Being the immortal ruler of the world sucks, take it from me.
I mean, it's all fun and games for the first century or so, but there's only so many ways to hideously torture your enemies and after a while there's only so many enemies too...seriously, a couple of centuries down the line and no-one will care that they're the subject of your iron-fisted rule because half of them won't know different and the other half of them will think it was their idea in the first place....
Nintendo Network ID: AzraelRose
DropBox invite link - get 500MB extra free.
The best things in life come from other people from caring about them and them caring about you.
That's why you build an intergalactic network of wormhole generators, populate the universe with people, and subjugate them through superior technology.
This. I'd lime it but a mere forum meme doesn't do it justice.
Then you'd just have to start figuring out ways to torture the populace at random.
Assuming you've populated the universe you could just go planet hopping and destroy humanity in the most nightmarish ways you could think of, trying to top yourself each time. Eventually you'll have killed everyone, at which point you could just transplant people from the millions of other worlds you've populated and watch them rebuild and coexist, or not.
Being god sounds like fun, though I would imagine it would get a little lonely.
'Course most of them will never find it, they are all too busy looking.
Which John Cusack movie is this from?
When I achieve those things, I will have lived the good life.
Subjective.
I have no idea if it's in a John Cusack movie, I just pulled it out of my ass because it's the first thing I thought of when reading the phrase the good life.
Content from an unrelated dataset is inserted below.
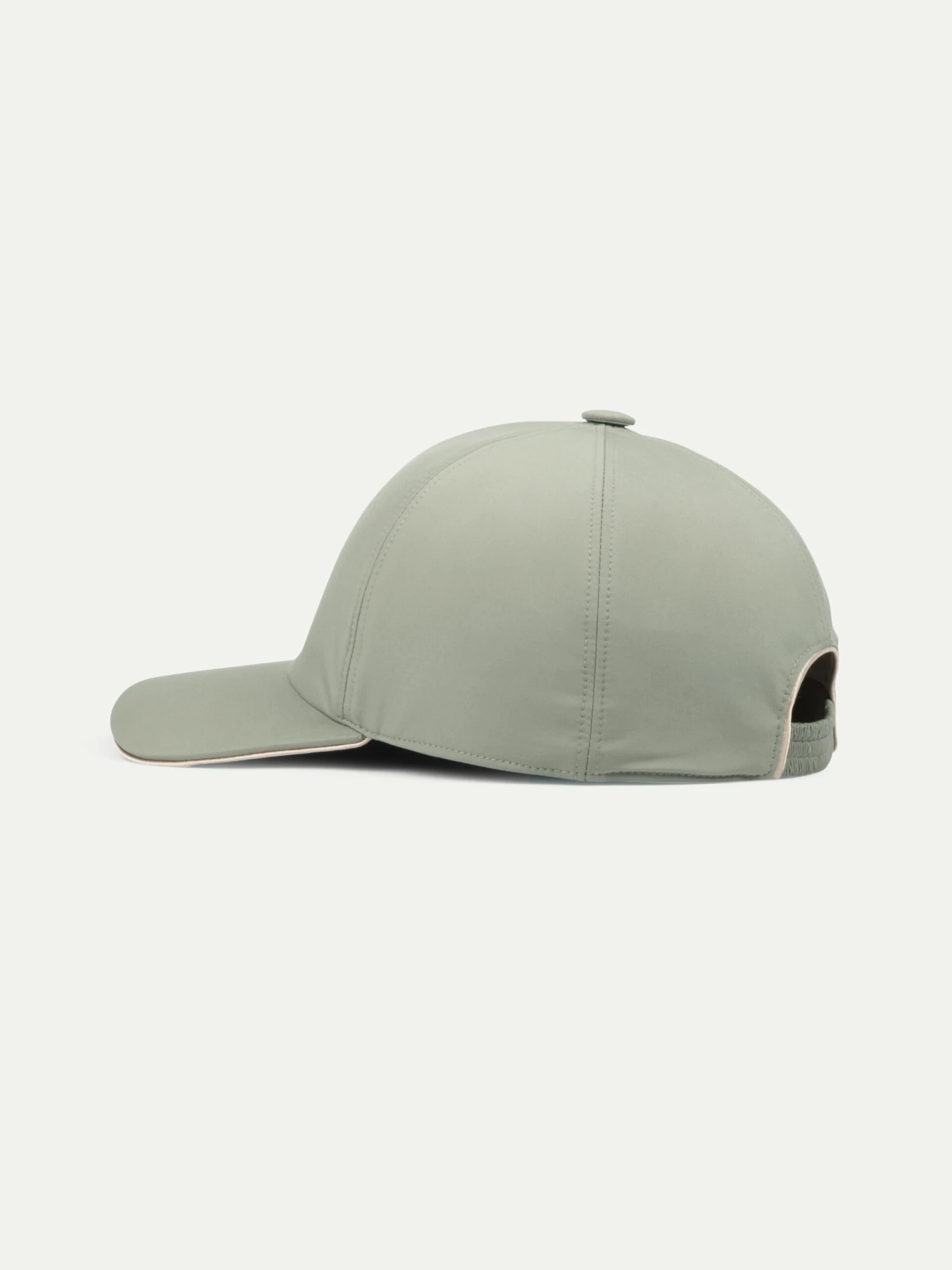 This baseball cap has been made in Italy from luxurious technical fabric. The soft matte outer shell is crafted from recycled fish nets and boasts a wind- and waterproof finish, while the interior is lined with 100% cotton for ultimate comfort. A refined detail, the signature Aurélien gold satin piping around the brim. Ideal for refined leisure looks.

It's what my life is currently like, and I think I'm living the good life right now, despite all the bad things happening. That is my idea of the good life, because it's close to what my life is currently like, and I'm happy and that's what matters.
I do not believe this.
I have a good job but this whole "working for a living" thing has never meshed well with me. I want the freedom to travel around and visit my family and friends whenever I wish. I want the TIME to be able to do those things. If I want to attempt to open up a business, I want to do so with the knowledge that, if it fails, I won't be living in a box.
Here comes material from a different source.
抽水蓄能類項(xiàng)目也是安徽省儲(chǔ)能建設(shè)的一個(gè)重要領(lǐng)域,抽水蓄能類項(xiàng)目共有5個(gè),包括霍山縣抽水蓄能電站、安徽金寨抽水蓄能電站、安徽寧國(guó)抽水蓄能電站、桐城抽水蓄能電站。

Before you sic the _J_ on me, I guess, I'll say that the good life is what you have when stability has seeped into so many pores of the day that spontaneity doesn't shatter it. The good life is where if you feel like painting stars and moons and spacefish on your walls, you can, and it won't be the end of the world; the good life is where you can throw out your plans of frozen dinner and splurge at the restaurant of your choice because that's just what you want to do.
EDIT: This isn't to say that there aren't the obvious consequences of doing these actions -- you don't have to be rich so that money is a non-issue, for example -- but the stability exists where budgets have giving room and you have enough of an emotional reservoir to bend instead of breaking when you have to go the few extra miles to compensate for what you did in the feverish bouts of want.
Good life would be wealth, love and power to affect the world(For good or ill, depending on the situation).
Passable life is what I now have. Kinda sucky, stale.